Maribel y Yuri se sintieron decepcionadas ya que Matthew no volvería a casa hoy.

Maribel:
—Está bien.

¡Solo cuídate, Hermano!

¡Has estado lejos de nosotros por demasiado tiempo!

Vuelve a casa pronto, ¿okay?

Matthew:
—Sí, claro.

¡No me perderé nuestra reunión familiar!

Después de asegurar a Maribel, Matthew terminó la llamada ya que aún estaba conduciendo.

Ya estaban camino al pueblo natal de Sofía.

—¿Era tu hermana la del teléfono hace un rato?

—le preguntó Sofía.

—Sí, es mi hermana, Maribel.

Solo tiene 16 años.

Creo que las dos se llevarán bien una vez que se conozcan —dijo Matthew.

Matthew le sostuvo la mano y la llevó a sus labios.

Besó los nudillos de ella.

—¡Eh, los ojos en la carretera, Señor Mateo Wilkins!

—Sofía le reprendió ligeramente con la cara enrojecida.

Solo un simple gesto de amor podía hacer que su corazón se acelerara.

Matthew soltó una risa ronca antes de volver la mirada hacia la carretera.

—¡A la orden, señora!

Lo siento, no puedo evitarlo.

Hay una pasajera encantadora junto a mí así que no puedo dejar de mirar a mi lado —dijo Matthew.

—Eres bueno para las palabras dulces.

¿Aprendiste eso de Tristán?

—dijo Sofía, tratando de mantener su sonrisa.

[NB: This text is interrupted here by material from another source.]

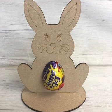 Easter bunny with hole for Cream Egg on StandThe bunny has a lovely cheeky detailed faceThese are made from 3mm MDF, and are 15cm tall. The base is...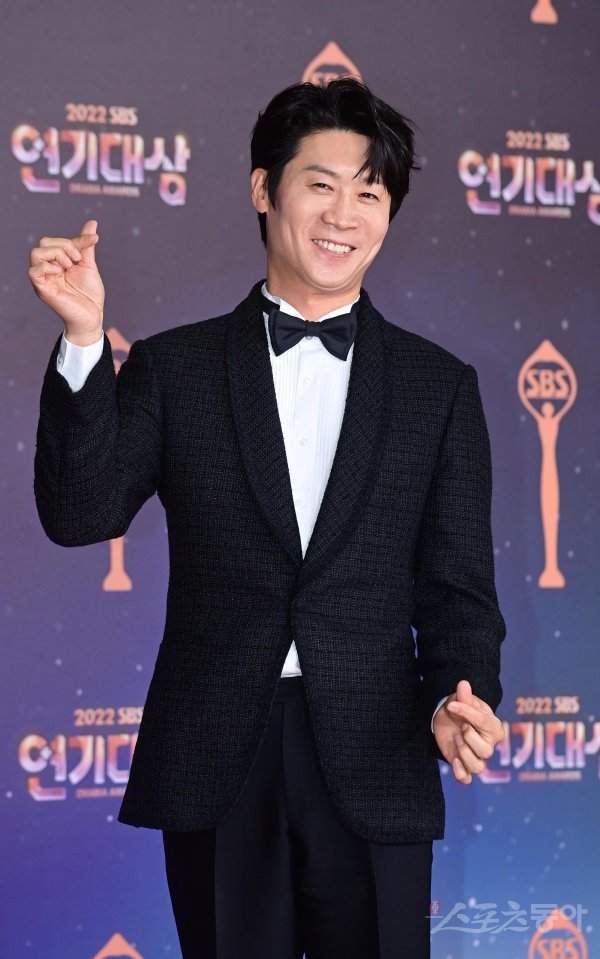 배우 진선규가 31일 서울 마포구 상암동 SBS프리즘타워에서 열린 ‘2022 SBS 연기대상’ 포토월에서 포즈를 취하고 있다.

Se escapó otra risa de Matthew.

—¿Estás subestimando mi habilidad para halagar a mi mujer?

¿Siempre pensaste que aprendí esto de Tristán?

¿No ves la habilidad de tu hombre?

—dijo Matthew con un puchero.

Esta vez Sofía soltó una risa suave.

Matthew era adorable haciendo pucheros con los labios.

—Lo siento, Matt.

No quise herir tus sentimientos —dijo Sofía, apretando su mano.

La sonrisa de Matthew se transformó en una brillante.

—¡Tonta!

Solo bromeaba.

¡No estoy molesto!

—dijo él, soltando su mano para pellizcarle la nariz linda.

—¡Ayy, basta!

—Sofía golpeó su mano.

Matthew detuvo el coche por un momento.

—Oye, ¿por qué te detuviste?

Te dije que dejaras de pellizcar mi nariz, no de detener el coche —dijo Sofía, mirando a Matthew con incredulidad.

Matthew se giró hacia ella con una sonrisa traviesa en su rostro.

—Lo sé.

Detuve el coche por una razón diferente —dijo él.

—¿Eh, por qué razón?

—le preguntó Sofía confundida.

—Por esto…
Antes de que Sofía lo supiera, Matthew ya había agarrado su cara mientras capturaba sus labios con los suyos.

Matthew la besaba apasionadamente en medio de la carretera.

Fue un beso largo y persistente que duró varios minutos.

Solo se detuvieron cuando el coche detrás de ellos comenzó a tocar el claxon.